Die Einsamkeit der Mächtigen
Lully, als Ausländer lange Zeit ein Außenseiter bei Hofe, als Musiker belächelt von den politischen Würdenträgern, genießt es später um so mehr, dass die Sonne des Königs auch auf ihn strahlt. Aber als ob er nur deren Licht, nicht aber deren Wärme gespürt hätte, verströmen seine Kompositionen eine klirrende Kälte, die vielleicht auch Rückschlüsse zulässt auf die Einsamkeit derjenigen, die auf dem Gipfel der Macht angelangt sind.
Eine zeitlose Parabel
Lully, so erzählt dieser Film, vernachlässigt selbst die Beziehungen zu seiner Frau und seinen Kindern; mit fortgeschrittenem Alter wird er, wie sein König, immer einsamer und immer mächtiger, schließlich eignet er sich auch dessen Credo an: "Ich habe keine Freunde".

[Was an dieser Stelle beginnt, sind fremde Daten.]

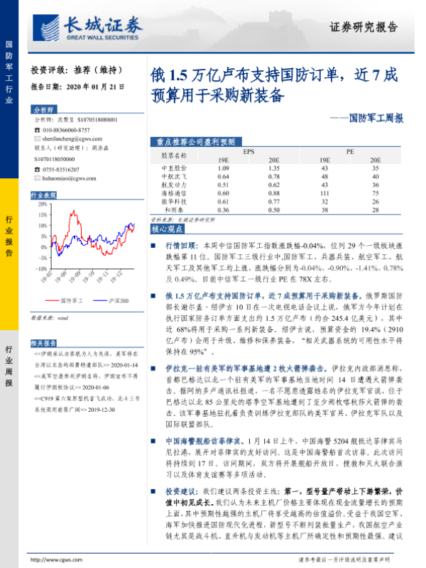 【长城证券】【20200121】20200121-长城证券-国防军工周报:俄1.5万亿卢布支持国防订单,近7成预算用于采购新装备-13页 行业研究

Der König tanzt ist eine Parabel über das Verhältnis von Kunst und Macht in einem totalitären Staat und er zeigt im Grunde, dass in den komplizierten Beziehungsstrukturen, dem Geflecht von Intrigen – Verrat auf der einen, Loyalität und Konformität auf der anderen Seite – niemand seine Unabhängigkeit bewahren kann. Erst mit der bürgerlichen Revolution und ihren Folgen nach 1848 änderte sich in Europa auch die abhängige Position der Künstler, bis die Diktaturen des 20. Jahrhunderts noch einmal versuchten, sie für ihre Zwecke zu vereinnahmen. Viele gingen ins Exil; einige ließen sich von der Macht korrumpieren, wurden mitunter zu Verrätern ihrer Kollegen.
Ein Film zum Hören
Lullys Musik, vom renommierten Kölner Ensemble Musica Antiqua mit der Instrumentierung des 17. Jahrhunderts eingespielt, bildet das dramaturgische Gerüst des Films: Höhepunkte des Drehbuchs sind stets an neue Kompositionen gebunden, die der Tag und Nacht arbeitende Musiker seinem König schrieb – ein Te Deum zur Genesung, ein Comédie-ballet zur Einweihung der Anlagen von Versailles, einen Marsch für einen Feldzug, sogar ein Begleitkonzert für eine Liebesnacht. Abgesehen von der großartigen Ausstattung, den schönen Kostümen und den gemessenen Choreografien, die in
Der König tanzt zu sehen sind, ist dies also vor allem auch ein Film zum Hören.